"Run away, out of Captain Soames' Company, in his Grace the Duke of Norfolk's regiment of Infantry, quartered at Newport, in Shropshire; Roger Curtis, a barber surgeon, a little man with short black hair, a little curled; round visage, fresh-coloured, in a light coloured coat, with gold and silver buttons, red plush breeches and white hat; he lived formerly at Downham Market, in Norfolk. Whoever will give notice to Francis Baker, agent to the said regiment, in Hatton Garden, so that he may be secured, shall have two guineas reward."*
* "London Gazette," 1689.
A spectator of the Camp of the Household Brigade, on Putney Heath, in October, 1694, describes the three regiments of Guards as wearing scarlet, of course; the 1st, faced with blue; the 2nd, or "Cole-stream," with green; the 3rd Scots, with white; the officers being distinguished by white scarves worn over the left shoulder, and fringed with the colour of the regimental facings. The Holland Regiment (Buffs), are described as wearing red, faced with flesh-colour; the Queen's or Tangier Regiment, red, faced with sea-green; the Lord Admiral's Regiment of Marines, raised in 1664 (and afterwards incorporated by William III., with the 2nd Foot Guards), in doublets and breeches of yellow.
Until the reign of Her present Majesty, red was worn by all the drummers and buglers of the regiment of Artillery; but although, from the earliest period, it was deemed the great national colour of our forces, it is somewhat remarkable that it was not adopted by the English or Irish Militia, until the year 1759, and a song of that period begins:—
"Ye mounseers, give ear, we have nothing to fear,
For the Militia are now clothed in RED, Sirs!
They have hearts that are stout and will never give out,
With Rockingham bold at their head, sirs!
You may brag and may boast, upon your own coast,
And parade it from Dunkirk to Calais;
But have a care now, how you venture too far,
In your flat-bottomed boats to make sallies."
Long denied a militia force, in dread of Jacobite influences, Scotland had none from 1746 till the close of the last century, when, ten years after the death of her "Bonnie Prince Charlie," ten battalions were raised, and their colours and insignia (most of which are now deposited in the Castle of Edinburgh) were designed by the Court of the Lyon King of Arms, then Robert, Earl of Kinnoull, with whom the applications for such were lodged.
In our former chapter, the uniforms of the Irish and Scottish regiments which belonged to the French Line, during the last century, were referred to. These corps (according to the "Liste Historique des Troupes de France," 1758,) were numbered as the 92nd, 93rd, 94th, 98th (Gardes de Jacques II.), 99th, and 109th, all Irish; the 107th Royal Écossais under the Duke of Perth, and the 113th Écossais under Lieutenant-General Lord Ogilvie, who died in Scotland in 1803.

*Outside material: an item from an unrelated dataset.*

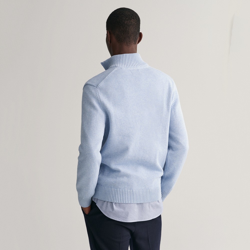 Gant Cotton Half Zip Jumper in Light Blue Melange is designed to bring a new staple piece to your smart-casual wardrobe for the new season and makes a great choice for layering in cooler weather. Constructed with half-zip fastening and featuring embroidered branding to the left side of the chest.

The two Scottish regiments wore coats and vests of blue, and their hats were bound with gold. All their Irish brother exiles wore scarlet, with white vests generally, and carried on their colours black or yellow crosses, with the "Couronne d'Angleterre," which had no braver or more bitter enemies, as the terrible day of Fontenoy attested; and where they seem to have acted true to the spirit of the Fenian song:
"Oh, if the colour we must wear.
Is England's cruel red,
Let it remind us of the blood
That Ireland has shed!"
And when our troops landed at Cancalle Bay in 1758, they were surprised to find themselves stoutly opposed by entire battalions in scarlet; and no wonder was it that they were so, for it was the Irish Brigade, whose ranks were manned and officered by the sons and grandsons of the adherents of King James, the same gallant Irish Brigade which was welcomed to the British Establishment in 1794, and, unfortunately, was soon after reduced.